The hallmark of a clinically useful test includes acceptable psychometric qualities related to the inter- and intrarater reliability of the measure [9, 13]. Intrarater reliability describes the ability of the same rater to obtain similar results when testing the same patient, while interrater reliability is related to the ability of multiple raters to arrive at the similar results on a particular measure in the same person. Determination of intra-rater reliability requires that patients to be retested after an interval by the same rater, while interrater reliability requires different raters score the same patient. Both are important in clinical and research settings, with measures that have high or excellent intra- and interrater reliability achieving increased acceptance for wide-spread use. Many design paradigms exist for the investigation of inter- and intratester reliability, but the most clinically applicable one is the partially standardized approach [14]. This methodology is achievable in clinical settings and requires standardized education methods of the raters but is not followed by rigorous checks or further assessment.

It can be difficult for performance-based clinical tests to have multiple raters scoring the same patient performance simultaneously when conducting interrater reliability research, so often these studies employ video recordings of patient performance. Video recording has been used for intertester reliability studies in numerous medical disciplines with acceptable results and can increase the participation of the raters, as it is easier to schedule rating sessions using performance recorded to video [15, 16]. To diminish the effects of recall in the raters, an interval of successive ratings of at least 2 weeks has been recommended [15, 17]. While no specific recommendations regarding the number of raters are prevalent in the literature, multiple studies of other balance tests used in rehabilitation included between seven [17] and ten therapist raters [18]. Additionally, a broad range of patient performance on the videos of the test is required, with the literature specific to other balance tests having between 4 and 20 patients whose performance is scored [1719].
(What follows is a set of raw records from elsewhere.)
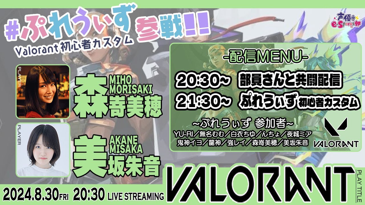 声優e-Sports部 森嵜美穂・美坂朱音 の「VALORANT」生配信!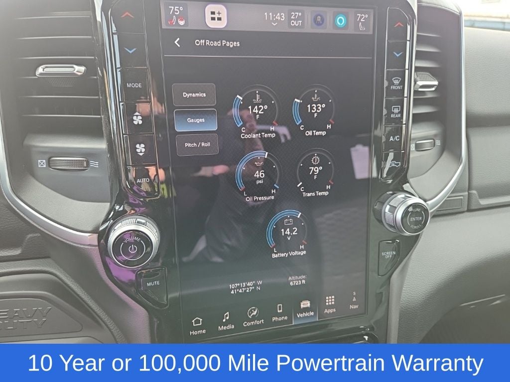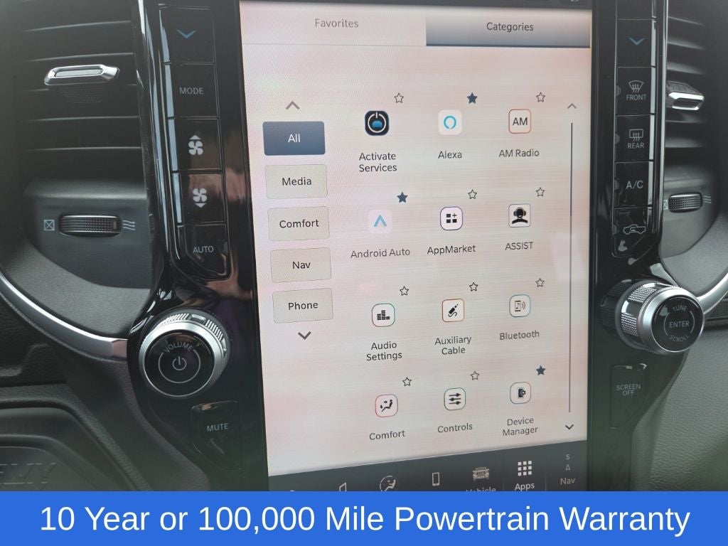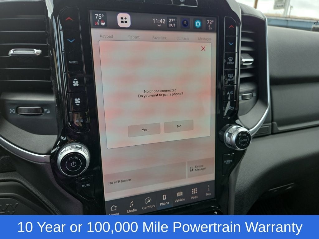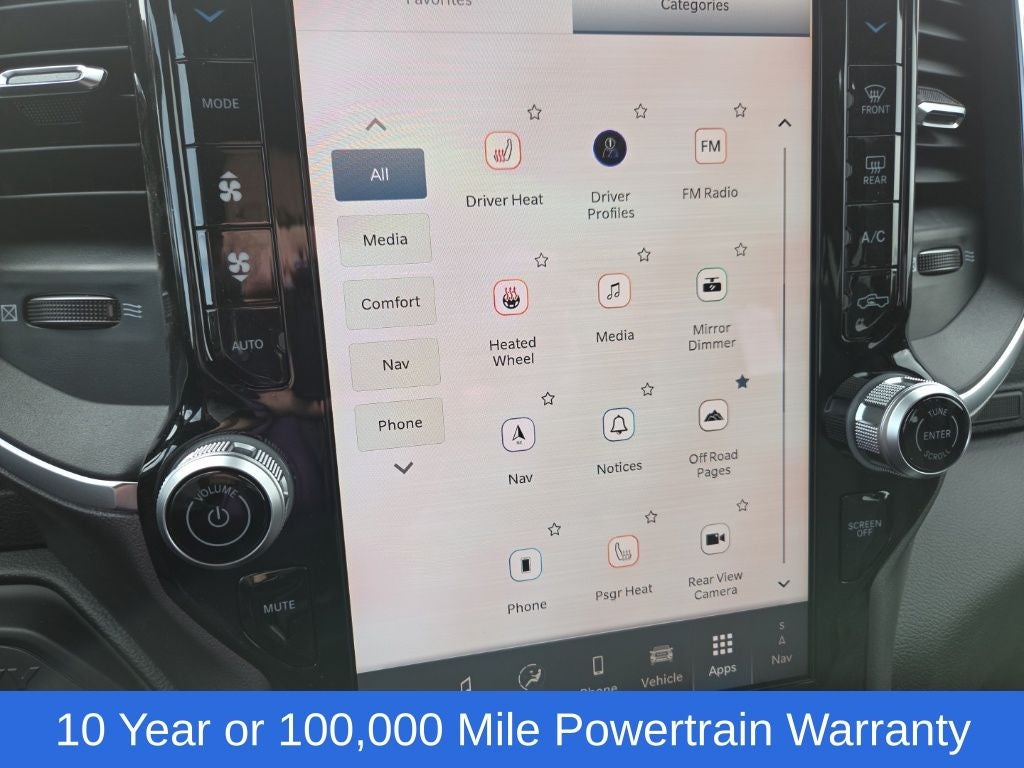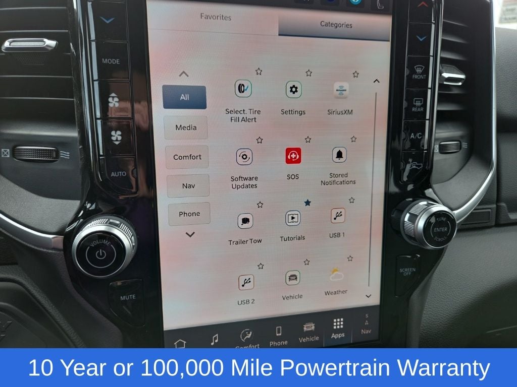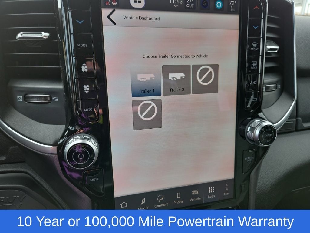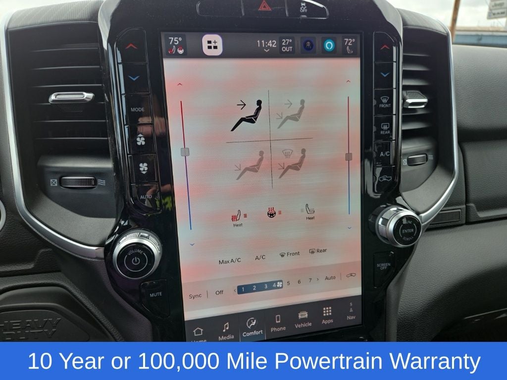 Big Horn Level 1 Plus Equipment Group (12 Touchscreen Display, 2 Way Rear Headrest Seat, 2nd Row in Floor Storage Bins, 4 Way Front Headrests, 40/20/40 Split Bench Seat, 4G LTE Wi-Fi Hot Spot, 9 Alpine Speakers with Subwoofer, Air Conditioning ATC with Dual Zone Control, Alexa Built-in, Apple CarPlay, Auto Power-Folding Mirrors, Auto-Dimming Rear-View Mirror, Black Exterior Mirrors, Cloth 40/20/40 Premium Bench Seat, Connected Travel and Traffic Services, Connectivity - US/Canada, Disassociated Touchscreen Display, Dual Glove Boxes, Emergency Vehicle Alert System (EVAS), Exterior Mirrors Courtesy Lamps, Exterior Mirrors with Heating Element, Exterior Mirrors with Supplemental Signals, Foam Bottle Insert (door Trim Panel), Folding Flat Load Floor Storage, Footwell Courtesy Lamp, For Details Visit DriveUconnect.com, For More Info, Call 800-643-2112, Forward and Reverse Utility Lights, Front Armrest with Cupholders, Front Center Seat Cushion Storage, Front Seat Back Map Pockets, Global Telematics Box Module, Glove Box Lamp, Google Android Auto, GPS Antenna Input, GPS Navigation, HD Radio, Integrated Voice Command with Bluetooth®, LED Bed Lighting, Locking Lower Glove Box, Luxury Steering Wheel, Manual Adjust 4-Way Front Passenger Seat, Mirror Running Lights, MOPAR Deployable Bed Step, MOPAR Spray in Bedliner, Off-Road Information Pages, Power 2-Way Driver Lumbar Adjust, Power Adjust 8-Way Driver Seat, Power Adjust Mirrors, Power Heated Fold Telescopic Mirrors, Power Telescoping Mirrors, Power-Adjustable Convex Aux Mirrors, Radio: Uconnect 5 Navigation with 12.0 Display, Rear 60/40 Folding Seat, Rear Dome with on/Off Switch Lamp, Remote Start System, Remote USB Port - Charge Only, Selectable Tire Fill Alert, SiriusXM Radio Service, SiriusXM with 360L, Steering Wheel Mounted Audio Controls, Storage Tray, and Trailer Tow Pages), Cold Weather Group (Engine Block Heater and MOPAR Winter Front Grille Cover), Heated Seats and Wheel Group (Heated Front Seats and Heated Steering Wheel), Quick Order Package 24Z Big Horn, 4-Wheel Disc Brakes, 50 Gallon Fuel Tank, 5th Wheel/Gooseneck Towing Prep Group, 6 Speakers, ABS brakes, Air Conditioning, Alloy wheels, AM/FM radio: SiriusXM, Apple CarPlay/Android Auto, Black Vinyl Floor Covering, Brake assist, Bumpers: chrome, Center Hub, Chrome Flat Wheel-to-Wheel Side Steps, Clearance Lamps, Cloth 40/20/40 Bench Seat, Compass, Dash Pass Thru Wire Circuits, Delay-off headlights, Delete Deployable Bed Step, Driver door bin, Dual front impact airbags, Dual front side impact airbags, Electronic Stability Control, Front anti-roll bar, Front Center Armrest w/Storage, Front fog lights, Front License Plate Bracket, Front reading lights, Fully automatic headlights, Heated door mirrors, Illuminated entry, Instrument Panel Mounted Auxiliary Switches, Low tire pressure warning, Manual Adjust 4-Way Driver Seat, Manufacturer's Statement of Origin, MOPAR Front and Rear Rubber Floor Mats, Occupant sensing airbag, Outside temperature display, Overhead airbag, Overhead console, Panic alarm, ParkView Rear Back-Up Camera, Passenger door bin, Passenger vanity mirror, Power door mirrors, Power steering, Power windows, Radio data system, Radio: Uconnect 5 with 8.4 Display, Rear Folding Seat, Rear seat center armrest, Rear step bumper, Rear Wheelhouse Liners, Rear window defroster, Remote keyless entry, Security Alarm, Speed control, Tachometer, Tilt steering wheel, Traction control, Trip computer, Turn signal indicator mirrors, Variably intermittent wipers, Voltmeter, and Wheels: 18 x 8.0 Polished AluminuM.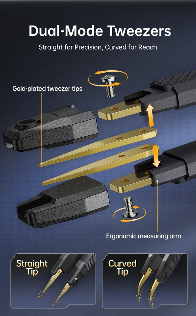 ストレート型/カーブ型のピンセットチップにより小型部品を簡単にテスト。ケルビンクリップは大型部品やスルーホール部品の正確な4線測定が可能[イメージ] - スマート認識/ディスプレイ機能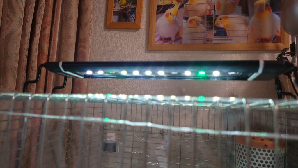 【環境】 部屋全体を明るくするほどではないときでも、手軽にケージ内を部分的に明るくすることができます。インコは昼行性のため、適切な明るさは重要です。また、愛鳥の食欲不振時など深夜でも採餌行動を促したい場合など、ケージ内の明るさを適切に保つことができ便利です。できれば明るさを調節できるタイプがおすすめです。(経験上、熱帯魚飼育用がベストマッチ)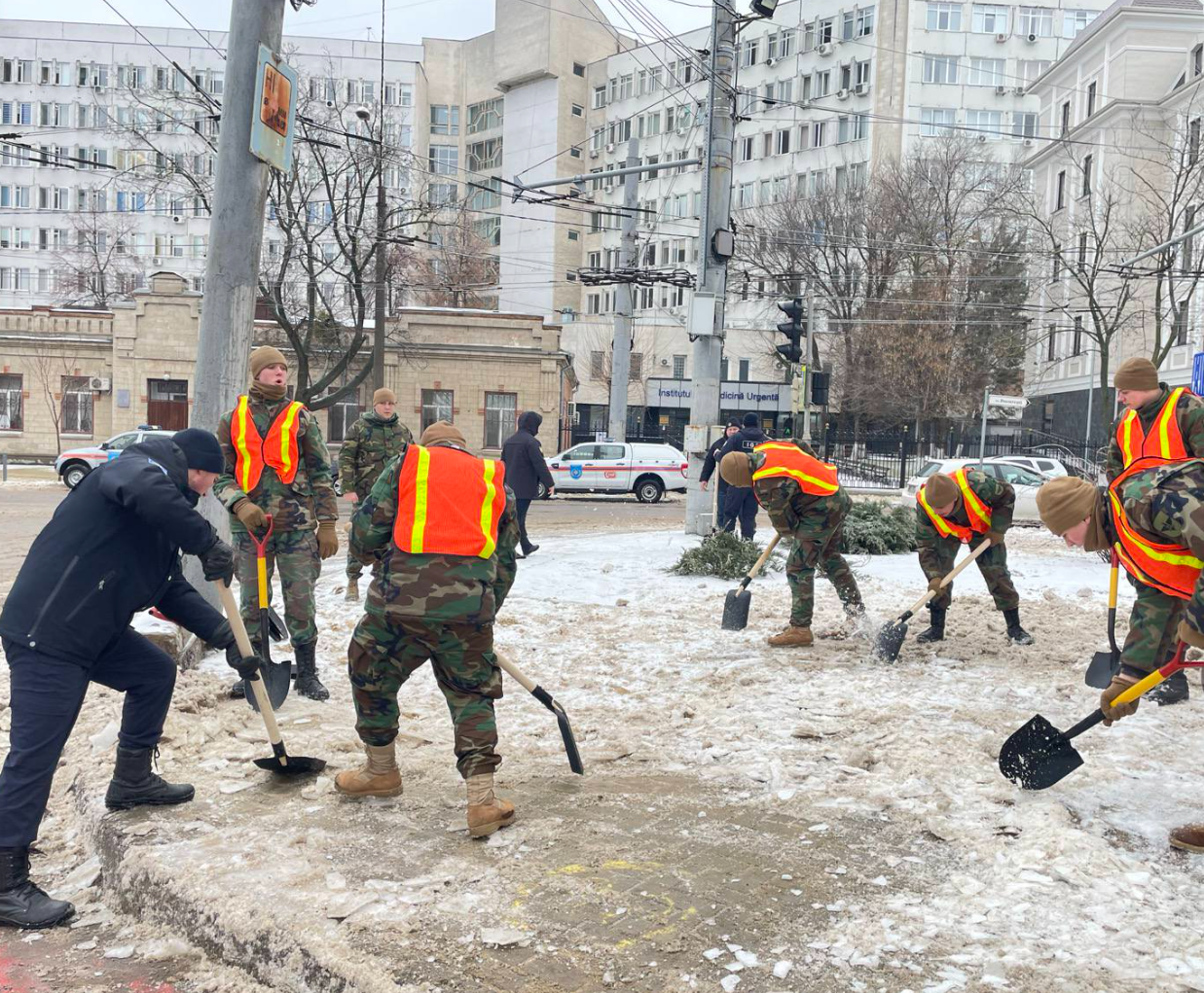 Totodată, mai multe echipe de intervenție din subordinea Ministerului Apărării, precum Batalionul 22 de Menținere a Păcii, Regimentul de Rachete Antiaeriene, Brigada de Infanterie Motorizată „Ștefan cel Mare”, Batalionul cu Destinație Specială „Fulger”, Academia Militară a Forțelor Armate „Alexandru cel Bun” și Regimentul de Stat Major „General de brigadă Nicolae Petrică”, împreună cu colegii de la Inspectoratul General pentru Situații de Urgență al MAI și Poliția Republicii Moldova, acționează în mai multe sectoare pentru curățarea trotuarelor și asigurarea accesului către instituții medicale și sociale, contribuind la siguranța cetățenilor.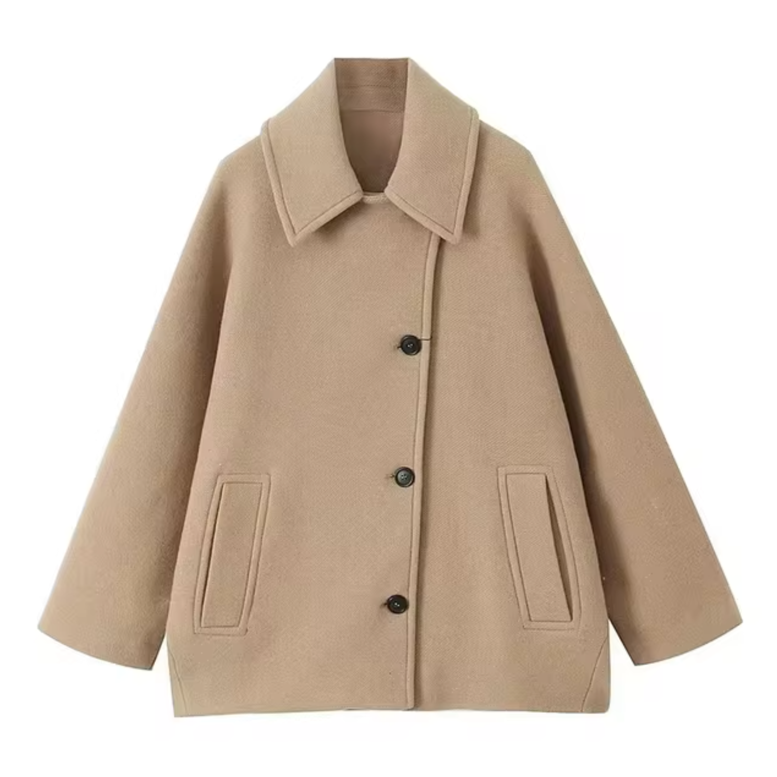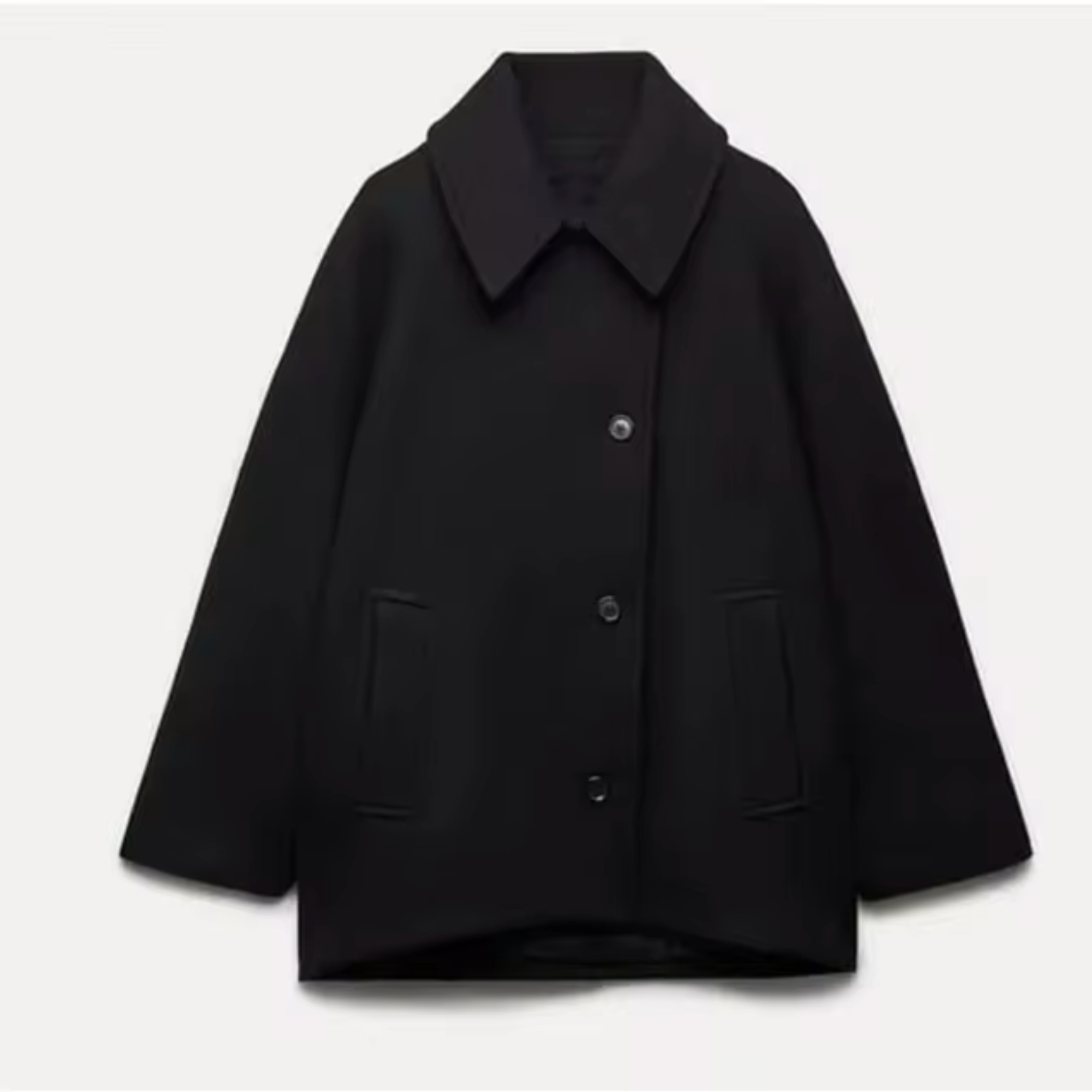 This fashionable lapel wool coat for women is crafted from a luxurious wool blend and offers warmth and elegance for cool spring days. The single-breasted design, long sleeves and oversized fit offer a relaxed yet elegant silhouette that's perfect for layering over casual or dressy outfits.

Currently, it is not known if the FIST has acceptable test-retest, intrarater, or interrater reliability. This study aims to close this gap in understanding of the psychometric qualities of the FIST, furthering its usefulness as a clinical and research measure of sitting balance function. The hypotheses to be tested in this study were that intertester reliability, intratester reliability, and the test-retest reliability of the FIST will fall within the “high” range with intraclass correlation coefficient between 0.70 and 0.89, as defined by Munro [20].

2. Methods

2.1. Participants

This study was approved by the Samuel Merritt University Institutional Review Board. Recruitment of all participants was voluntary and in compliance with the tenants of the Declaration of Helsinki, with all participants (or participants’ legal representatives) signing informed consent forms. Participants fell into two categories: balance participants and therapist rater participants. Balance participants were purposively recruited from the community and included if they met the following criteria: (a) had a diagnosis of central nervous system neurological condition/disorder that was currently stable/chronic (no significant changes in function in the preceding 3 month period), (b) were over 18 years of age, (c) provided written informed consent by the participant or by proxy of a legally authorized representative, (d) scored 3 (moderate disability), 4 (moderately severe disability), or 5 (severe disability) on the Modified Rankin Scale, and (e) were proficient in speaking and reading in English. These balance participants were excluded if (a) medical condition(s) prevented testing procedures, such as but not limited to total hip arthroplasty due to restrictions of hip flexion range of motion, medical status such as subject not cleared for sitting/standing activities by physician, unstable angina, or orthostatic hypotension; (b) severe cognitive deficits limiting ability to follow simple directions; or (c) receiving any physical therapy intervention for balance deficits at the time of the study. Therapist rater participants were included in the study if they had (a) successfully completed the FIST online training module including posttest and/or a one-hour in-service training session, (b) a current license to practice physical therapy, and (c) proficiency speaking and reading in English.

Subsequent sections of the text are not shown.